Wahrenbrück. Der Wahrenbrücker Pfarrer Michael Seifert weiß: "In den zurückliegenden Jahren hat sich die Situation auf den Friedhöfen wesentlich verändert. War lange Zeit die ,Familiengrabstelle' üblich, finden heute die Gemeinschaftsgrabanlagen immer mehr Zuspruch. red/sk

Das hat Auswirkungen auf die Bewirtschaftung und Gestaltung der Friedhöfe." Mehrfach schon habe man die Entwicklung bei Fachtagungen der Landeskirche thematisiert. Dabei habe die Kirchengemeinde auch Kontakte zur Hochschule in Bernburg knüpfen können.
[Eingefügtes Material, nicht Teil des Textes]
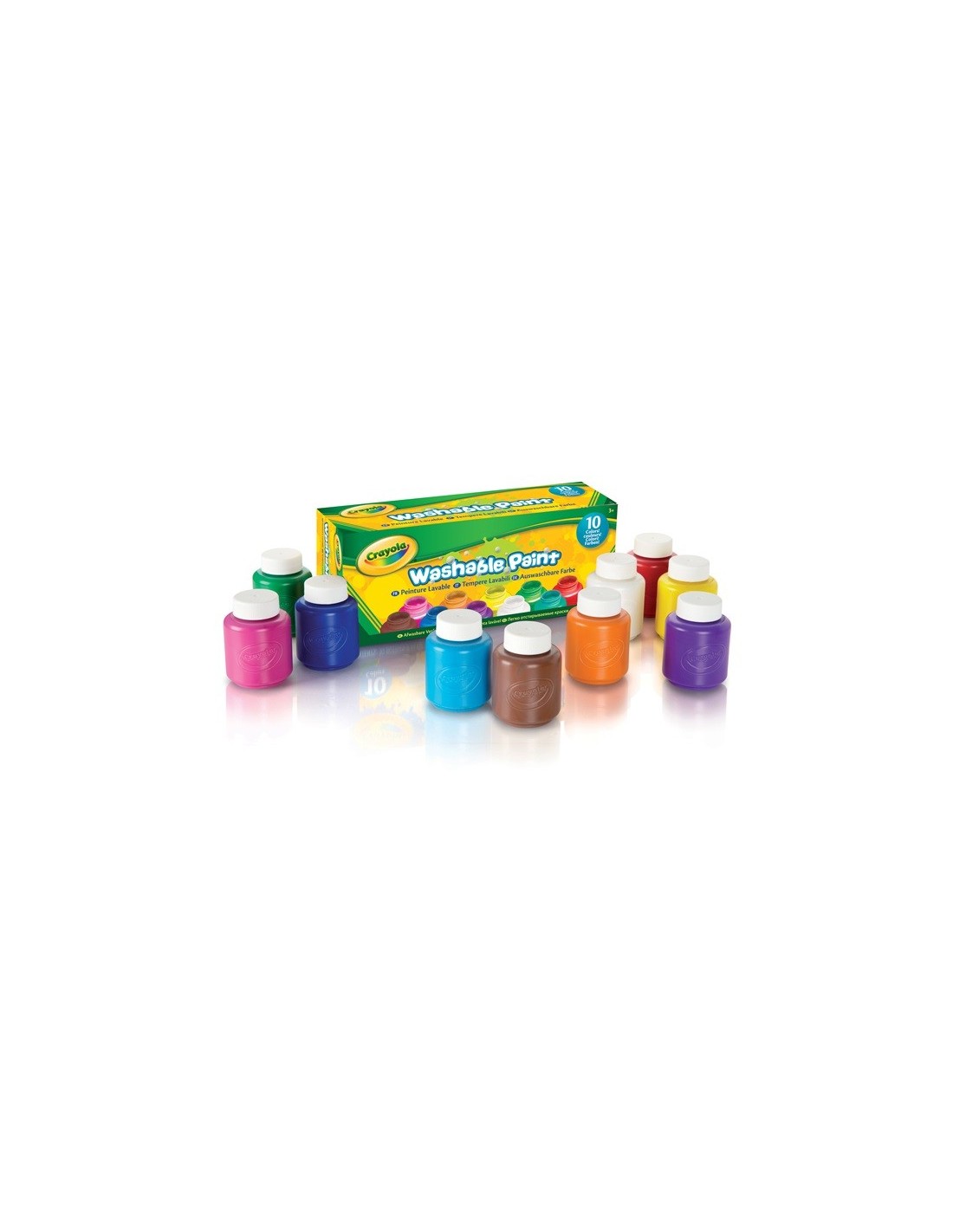 10 pots de peinture lavable de 59 ml chacun.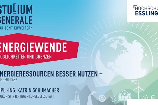 Die öffentliche Veranstaltungsreihe der Hochschule Esslingen widmete sich im Sommersemester 2023 dem Schwerpunkt: "Energiewende - Möglichkeiten und Grenzen". Wie ersetzen wir Kohle, Gas und Erdöl? Wie gelingt uns der Weg in eine grünere Zukunft? Komplexe Zusammenhänge verständlich erklärt, das schafft das Studium Generale.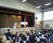 今日の児童集会は、ザ☆まつりのスタンプラリー抽選会です。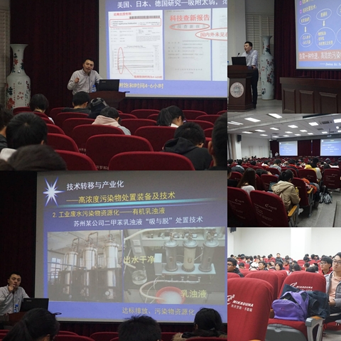 随着同学们的陆续到场,活动准时开始。陈冬赟重点围绕微纳材料进行介绍,对微纳功能环保材料在环境治理中的应用进行说明。他从微纳材料在两种不同类别的污染中的实际应用入手,介绍了该种材料对污染物快速高效处理的原理和应用、该种材料的社会影响以及未来的研究方向。此外,陈冬赟还对2019级新生进行学习生活指导。他形容大一学生为一张白纸,刚从高考的桎梏中解脱,在这个时段,学生最有梦想,不应废弃学习,更不能心浮气躁;紧随其后的大二,最初的梦想开始生根发芽,不论有怎样的爱好,都应该为未来做好规划;大三是个分水岭,这个时期学生应该回想初衷,再做出人生重要的决定,切勿盲目从众;大四是同学们即将分道扬镳各奔前程的时期,此时的未来,即是过去埋下种子的果实。讲座最后,陈冬赟用海明威的名言告诉同学们“在人生的交叉路口而没有红绿灯”。伴随着同学们热烈的掌声,本次讲座圆满结束。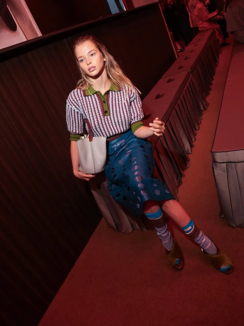 Блогерша Алла Брулетова пришла на показ Moschino в"мешке из-под картошки" и выгуляла яркие образы на других шоу, включая Marni. На показ этого бренда пришла и Ксения Шипилова. Также она посетила показ Enfants Riches Deprimes в Париже и примерила коллекцию Versace.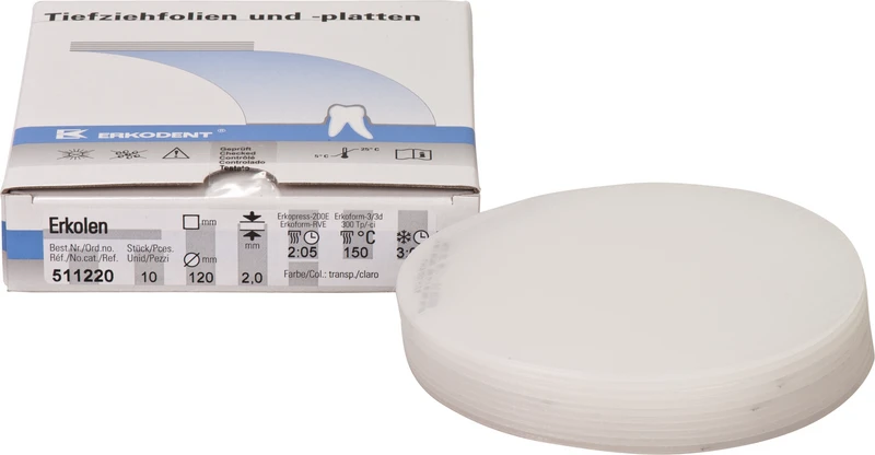 Erkolen ist ein weiches, elastisches Material, rückstandslos verbrennbar. Verbindet sich nicht mit Autopolymerisat. Für Gussformteile, provisorische Kronen und Brücken, Zahnfleischverbände und als Platzhalter für Medikamententräger (z. B. Fluoridierung) aus Erkoflex-Folien. Mit Unterziehfolie für Modellisolierung und Schrumpfausgleich.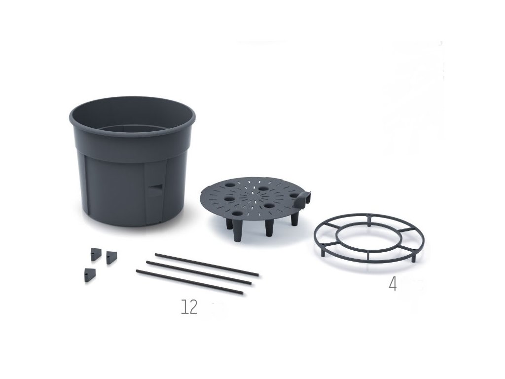 A kiváló minőségű műanyag és az átgondolt kialakítás biztosítja a kényelmes használatot. Az egész készlet 21 darabból áll: tartályból, alapbetétből, 4 gyűrűből, 3 tartóból és 12 csatlakozóból A virágcserép speciális öntözőnyílással van ellátva, amely közvetlenül a gyökerekhez irányítja a vizet. Az alsó betét megvédi a gyökereket a felesleges nedvességtől és biztosítja a növény növekedésének optimális feltételeit.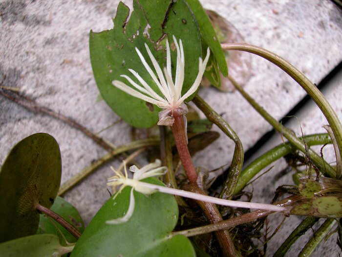 Описание: Стебель очень короткий, находится в 2 - 3 см от поверхности воды, от него вниз идет пучок белых прямых корней, а вверх - короткие черешки (у водокраса они более длинные) с круглыми обсыхающими плавающими листиками. Листья округлые, с вырезом при основании, в разрезе довольно толстые - до 0,5 см (у водокраса пластинка листа значительно тоньше), сверху плотные, ярко-зеленые, снизу серебристые из-за многочисленных аэрокамер в ткани листа. Поверхность пластинки снизу рыхлая, всасывающая. Цветки имеют тонкие, вытянутые лепестки, цветки разнополые, могут находиться как на одном растении, так и на разных: на одних - только мужские, на других - только женские.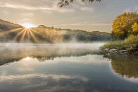 Koop de foto Zonsopkomst met nevel en zonnestralen in de Cranenweyer van John van de Gazelle fotografie op canvas, aluminium dibond, (ingelijste) fotoprint, behang en ArtFrame, op maat geprint in Fine-Art kwaliteit.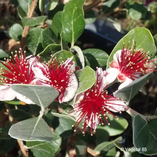 FEIJOALe Feijoa est un arbuste buissonnant, rustique et persistant qui offre une floraison originale et des fruits au goût exotique. Cette variété est beaucoup plus forifère et possède un port très compact. Entre octobre et décembre, vous récolterez les fruits du goyavier du Brésil, verts, ovales à la saveur rappelant la fraise, la goyave et l’ananas.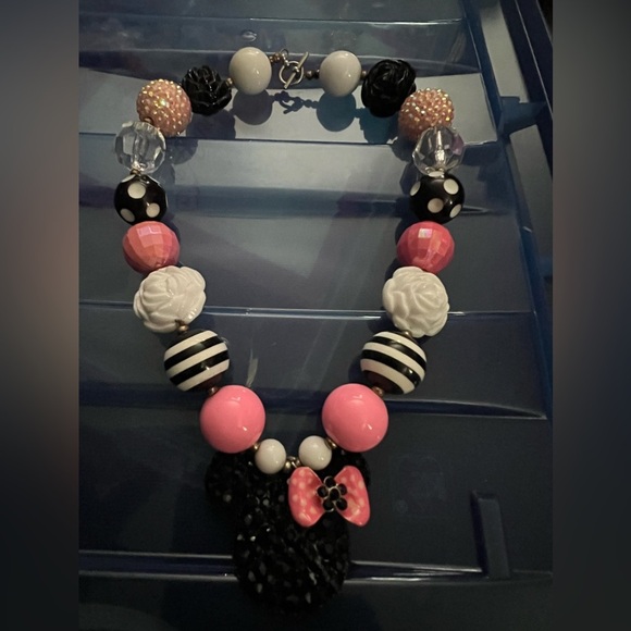 Handmade Minnie Mouse Necklace 18 inches long. The beads are about 1/2 inch each. Bold and chunky! Pink White and Black!!! I made this to sell its very cute!! Has a nice heavy duty toggle clasp!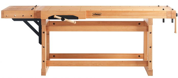 Weighing in at 329 lbs., the bench is both heavier and smarter than most other workbenches on the market. Its trestle base and top are constructed entirely of European beech: the 3-3/8-in.-thick top is made of full-length, knot-free laminations that are tongue-and-groove joined, with a 4-1/4-in.-wide skirt for maximum strength. The benchtop is 23-5/8 in. wide, and its working height is 35-7/16 in.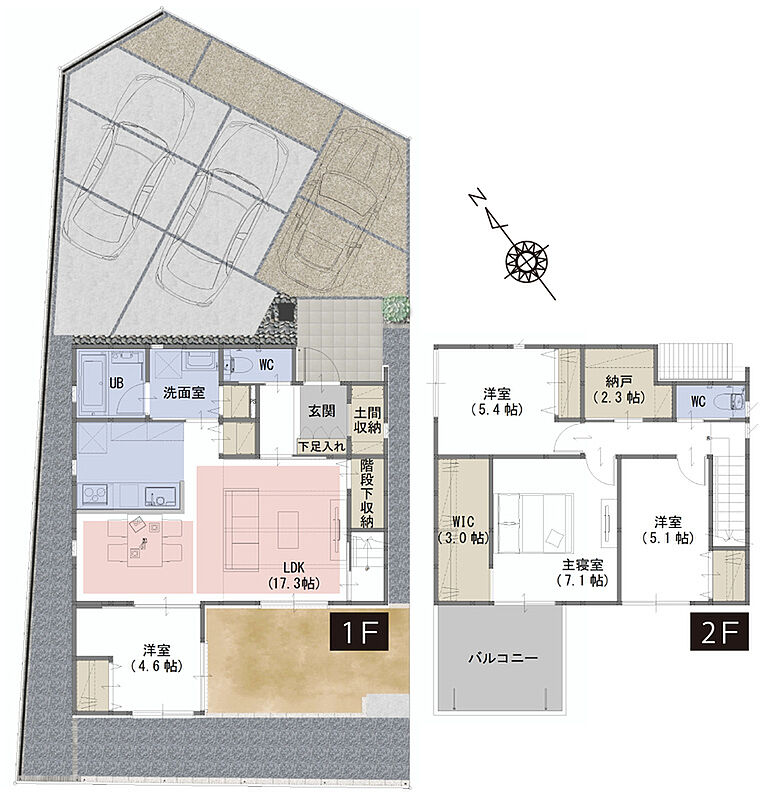 WIC、納戸、土間収納など生活スタイルに合わせて住空間を確保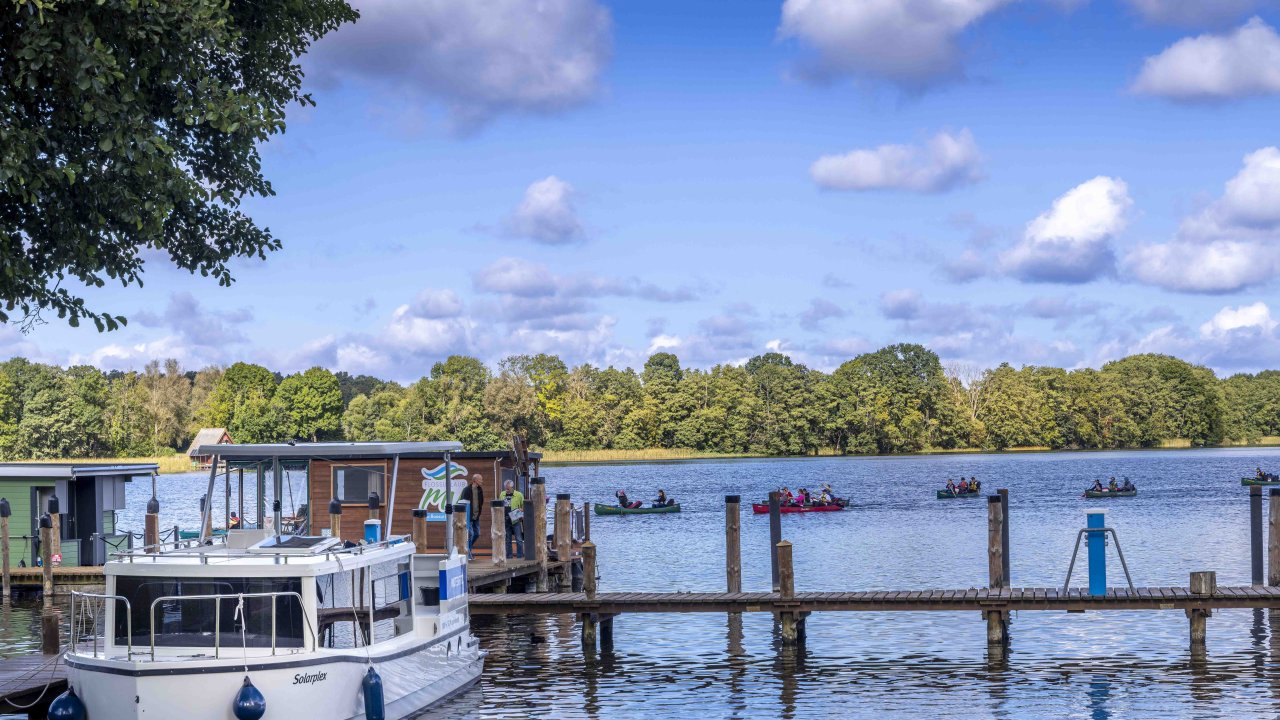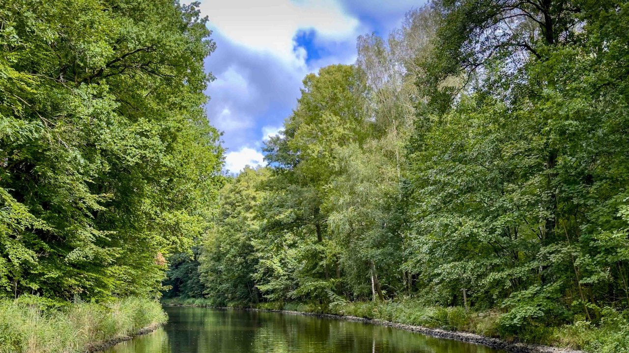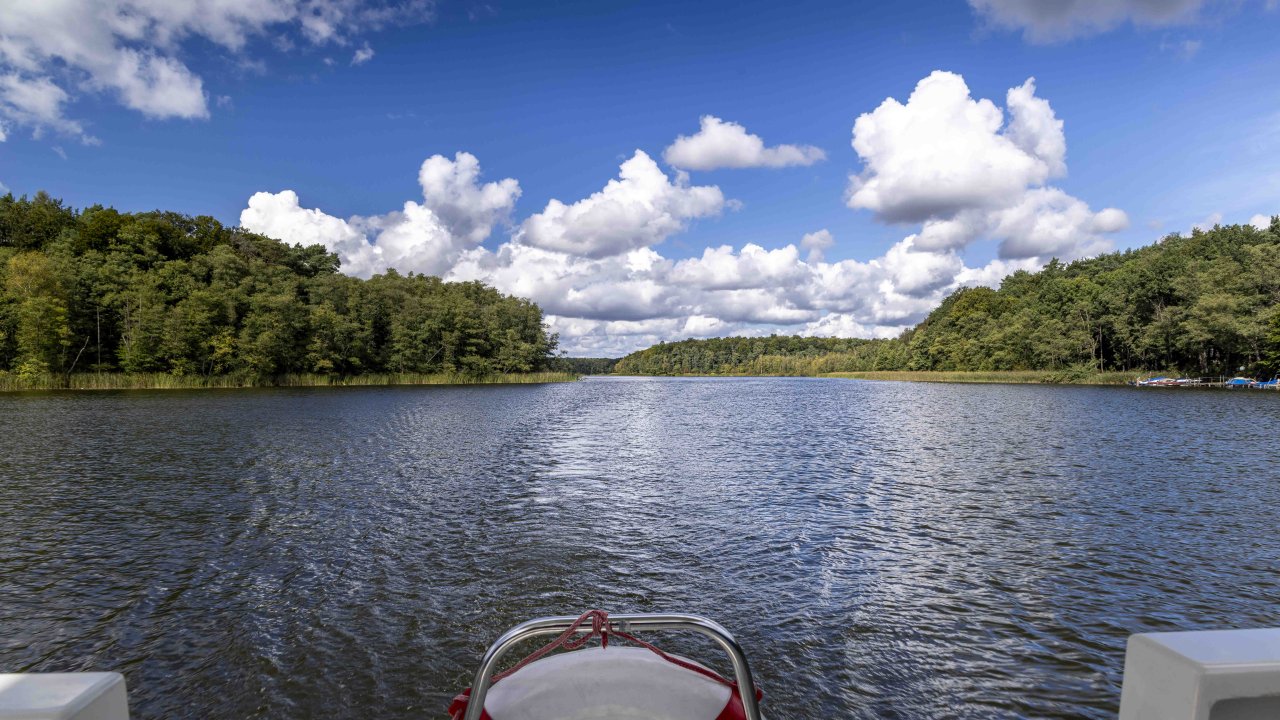 Nach der Überquerung der kleinen Müritz änderte sich die Szene. Das Wasser auf den Kanälen und kleinen Seen war meist spiegelglatt und das Boot lief ruhig, lautlos und abgasfrei dahin. Meine Frau war wieder glücklich.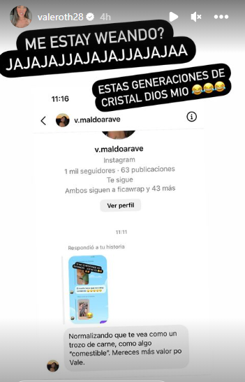“Normalizando que te vea como un trozo de carne, como algo ‘comestible’. Mereces más valor po Vale”, decía el mensaje privado.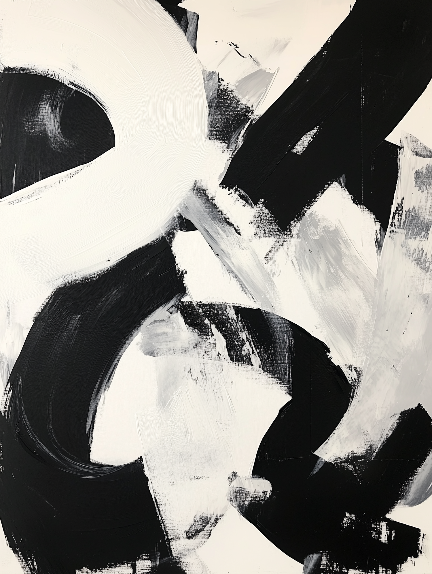 Dynamic abstract painting with bold black, white, and gray brushstrokes creating a striking modern composition.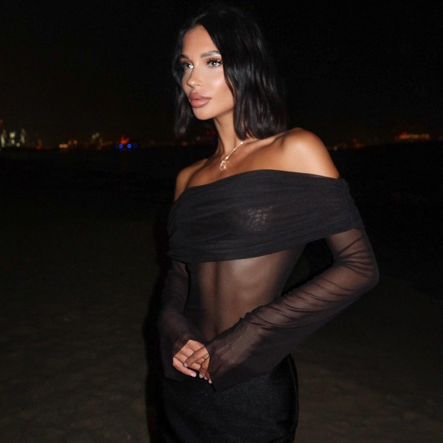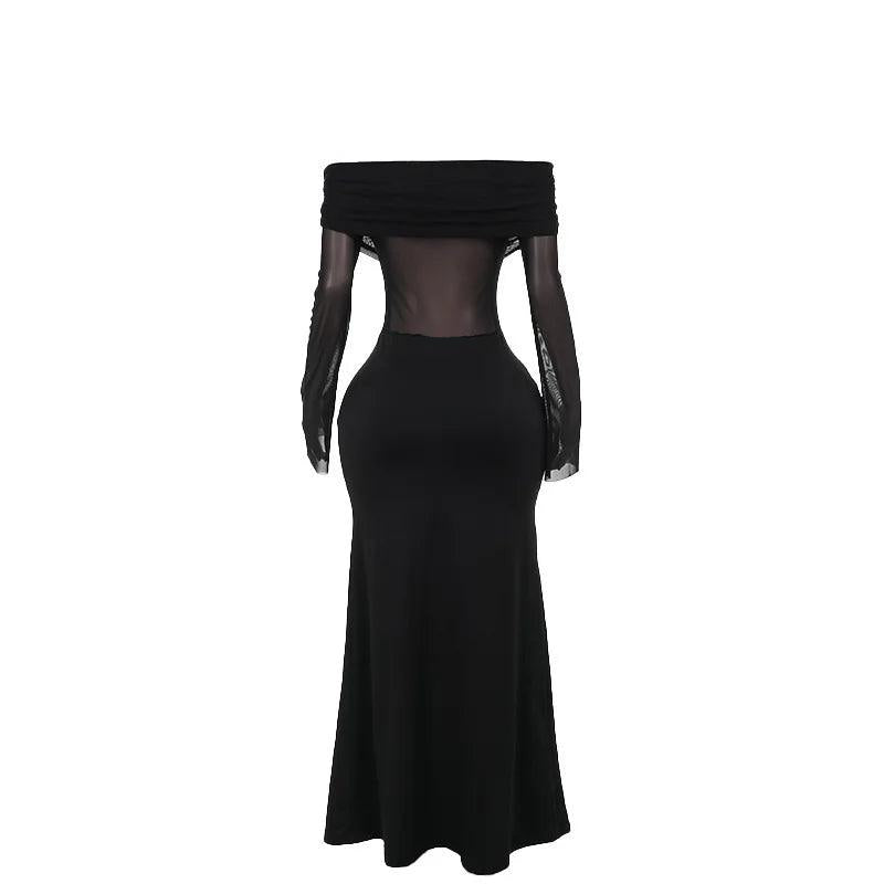 Indulge in the captivating allure of the Black Mesh Off Shoulder Maxi Dress. Crafted in elegant black, this dress features a blend of sheer mesh intricacies and a form-fitting silhouette. The off-shoulder neckline accentuates your collarbones, while the long mesh sleeves exude sophistication. A semi-transparent bodice creates a tantalizing contrast, leading to a fitted waist that gracefully transitions into a floor-length skirt. Ideal for galas, evening affairs, or intimate dinners, this dress promises an unforgettable impression. Showcase your curves elegantly with the mesh and opaque fabric interplay. Complete your look with striking earrings and chic heels for a polished ensemble. Explore styling tips and new collections on our Instagram @mermaid_way. Size exchange available if needed.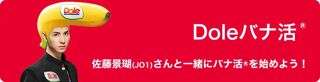 Dole バナ活®サポーター バナナ番長に就任した佐藤景瑚(JO1)さんが登場。ソロオリジナル楽曲『BANANA』や、バナナ番長としての思い、大好きなバナナの推しポイントなど、撮り下ろし写真とともに熱いインタビューをたっぷりお届けします!

Herausgekommen ist eine sehr intensive Zusammenarbeit. Seifert dazu: "In den zurückliegenden Monaten haben sich Julia Hanuschke und Tina Stenschke, Studentinnen im Bereich Landschaftsarchitektur und Umweltplanung an der Hochschule in Bernburg, mit dem Friedhof der Gemeinde Wahrenbrück befasst. Bestände wurden erfasst, Karten erstellt und Vorentwürfe erarbeitet, wie der Friedhof gestaltet werden könnte, zum Beispiel hinsichtlich Bepflanzung, Wegegestaltung und mögliche Gestaltung für Gräberfelder/Urnenanlage. Dazu gab es Gespräche mit dem Gemeindekirchenrat und der unteren Denkmalschutzbehörde. Durch eine Umfrage war auch die gesamte Gemeinde in diesen Prozess mit einbezogen."

Nun soll das Ergebnis der Arbeit in einer Abschlusspräsentation vorgestellt werden. Diese beginnt am Freitag um 15 Uhr in der Kirche in Wahrenbrück. Jeder Interessierte ist eingeladen.